:: Problem to solve ::
Write out the whole listing exactly; no images belong in it.

:: Given material ::
#####
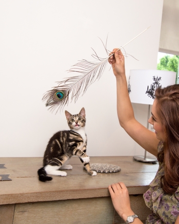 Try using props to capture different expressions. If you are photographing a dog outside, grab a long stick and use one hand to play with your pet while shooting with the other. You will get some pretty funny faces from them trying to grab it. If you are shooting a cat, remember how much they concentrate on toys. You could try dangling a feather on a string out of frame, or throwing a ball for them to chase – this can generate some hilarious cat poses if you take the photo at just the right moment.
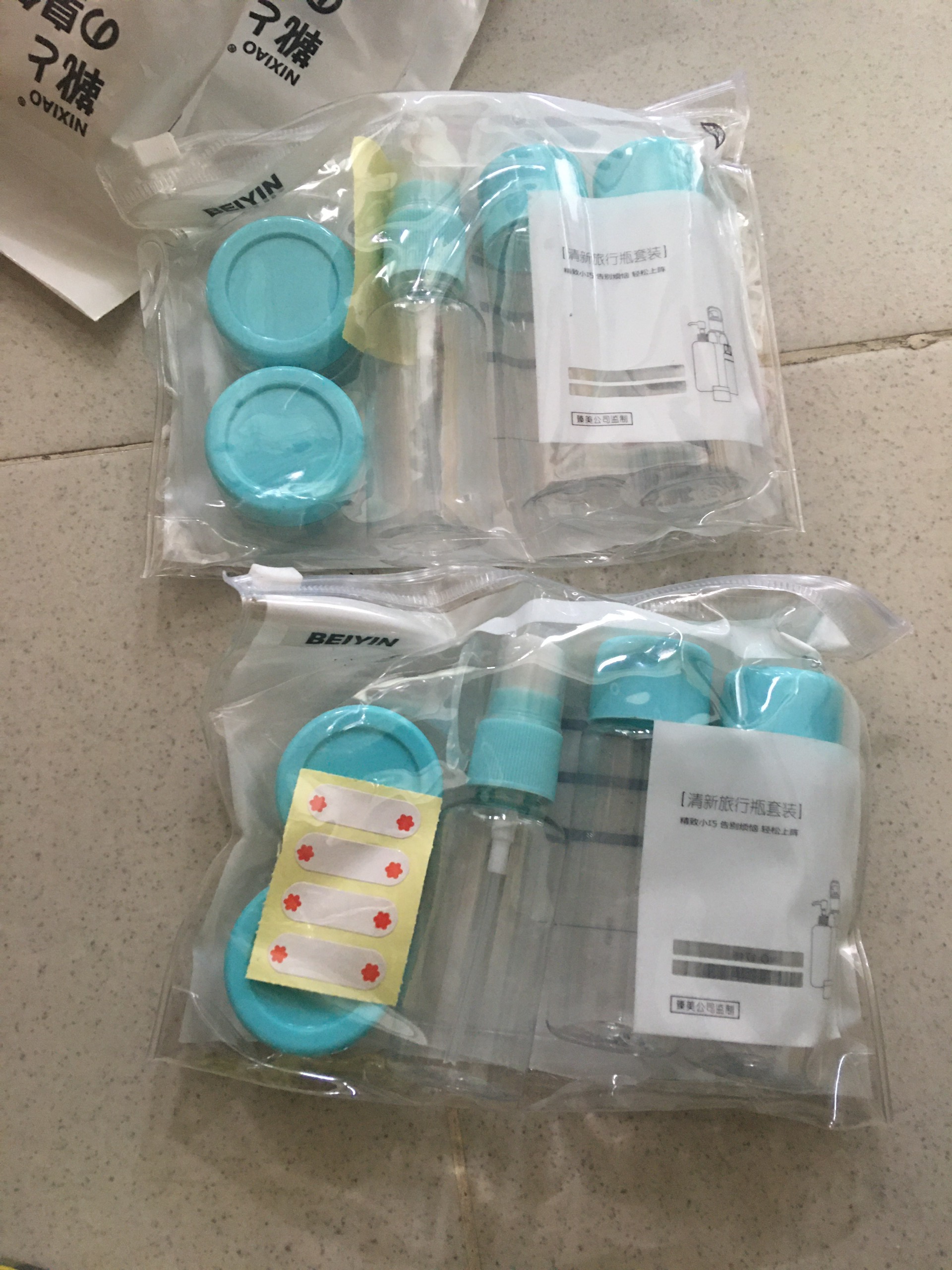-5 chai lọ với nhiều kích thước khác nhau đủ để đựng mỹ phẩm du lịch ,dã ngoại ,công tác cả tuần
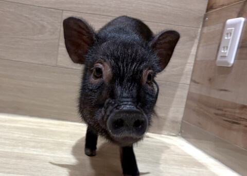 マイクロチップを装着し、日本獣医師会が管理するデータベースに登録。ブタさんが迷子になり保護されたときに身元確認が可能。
#####
:: Exercise answer ::
 Try using props to capture different expressions. If you are photographing a dog outside, grab a long stick and use one hand to play with your pet while shooting with the other. You will get some pretty funny faces from them trying to grab it. If you are shooting a cat, remember how much they concentrate on toys. You could try dangling a feather on a string out of frame, or throwing a ball for them to chase – this can generate some hilarious cat poses if you take the photo at just the right moment.
-5 chai lọ với nhiều kích thước khác nhau đủ để đựng mỹ phẩm du lịch ,dã ngoại ,công tác cả tuần
 マイクロチップを装着し、日本獣医師会が管理するデータベースに登録。ブタさんが迷子になり保護されたときに身元確認が可能。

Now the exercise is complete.